Altra faccenda, con ben altri risvolti, è quella che, secondo la mia opinione, rientra più legittimamente nella definizione di "accanimento": l'attività medica volta a prolungare nel paziente non tanto uno stato di sofferenza fisica, ma piuttosto una condizione di "mancanza di dignità".
Apro una parentesi. Ciò che mi sorprende, e non poco, è che la difesa strenua dell'obiezione di coscienza del paziente arriva spesso da quelle stesse persone che in altre situazioni esigono la totale indipendenza del mondo laico (con le sue leggi) da quello religioso (con le sue chiusure mentali). Mi domando: queste persone, così brave a "comprendere il prossimo", si sono mai domandate come la penserebbe un obiettore di coscienza se reso psicologicamente indipendente dal mondo che l'ha indottrinato? È più o meno lo stesso problema che si pone nei confronti delle donne islamiche costrette a indossare il burqa; ma lasciamo stare.
Non posso però non chiedermi anche: tutti questi "empatici", come la penserebbero se ad impedire trasfusioni e trapianti non fosse Geova, ma il Dio cattolico? Penso di avere, oggigiorno, un motivo per farmi questa domanda: dare del lobotomizzato a un cattolico che sceglie di restare vergine fino al matrimonio và bene, ma se Geova dice "vaffancùlo e crepa anche se non è il momento"... nulla da eccepire; come mai?
Sono convinto che sulla questione dell'accanimento terapeutico sia alquanto improbabile che gli uomini riescano un giorno a raggiungere un compromesso: è qualcosa che và troppo al di là delle nostre "piccole" leggi per pretendere di costringerla entro le clause di un codice. Ogni volta che la cronaca solleva il caso di un uomo o una donna costritti dalle circostanze a una vita che nessuno (se non i soliti Ratzinger e Magdi Allam) si sentirebbe di definire vita, và a finire sempre nello stesso modo: mentre la gente litiga e si insulta, gli interessati fanno ciò che era previsto dall'inizio.
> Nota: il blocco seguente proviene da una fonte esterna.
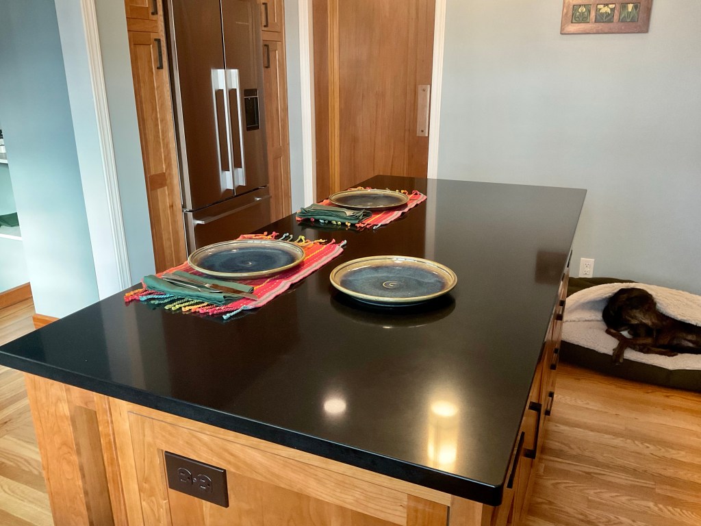Well, our Thanksgiving meal was not our best—and we’re typically pretty good at it! It was yummy, nonetheless and it was just for us, so it was a wonderful way to test the new space for a culinary joint effort. Being able to work in the space without crowding each other to an annoying degree was wonderful. Having the counter space to work on multiple projects at the same time was beyond amazing.

Si pretende, in sostanza, di portare il dramma nella vita sociale perché qualcuno, non si sa bene chi, scriva una legge o un comma che permetta di fare ciò che, in realtà, si è sempre fatto anche senza leggi né commi. Si urla alle ingerenze della Chiesa: non che a me vada a genio la posizione di Roma in merito al concetto stesso di "vita", ma con tutte le leggi in vigore, a partire da quella dell'aborto, che non sembrano aver preso troppo sul serio le recriminazioni d'Oltretevere, deve pur esserci una ragione se non abbiamo ancora una legge che "regoli" la realtà di quella sottile linea tra vita e non-vita, dando alla non-vita quell'ultima spintarella che le manca per diventare morte. Mi chiedo come si possa ancora pensare che una legge, per quanto virtuosa, risolverebbe una questione di tale portata.
Ma allo stesso tempo non capisco come si faccia a chiudere gli occhi davanti all'enorme differenza che intercorre tra la non-vita di una Eluana Englaro e la presunta non-vita di un testimone di Geova obiettore. Mi pare persino offensivo stare qui a parlarne.
Ed è offensivo nei confronti della professione pretendere che un medico accetti situazioni dettate unicamente da convinzioni non empiriche (lo dico da credente). La "favola" di Abramo e Isacco ci indigna ormai tutti allo stesso, specie se presa alla lettera; l'obiezione di coscienza di chi rifiuta una trasfusione o un trapianto... quella no, non c'indigna, perché quella la liquidiamo con il nome di "libertà di scelta".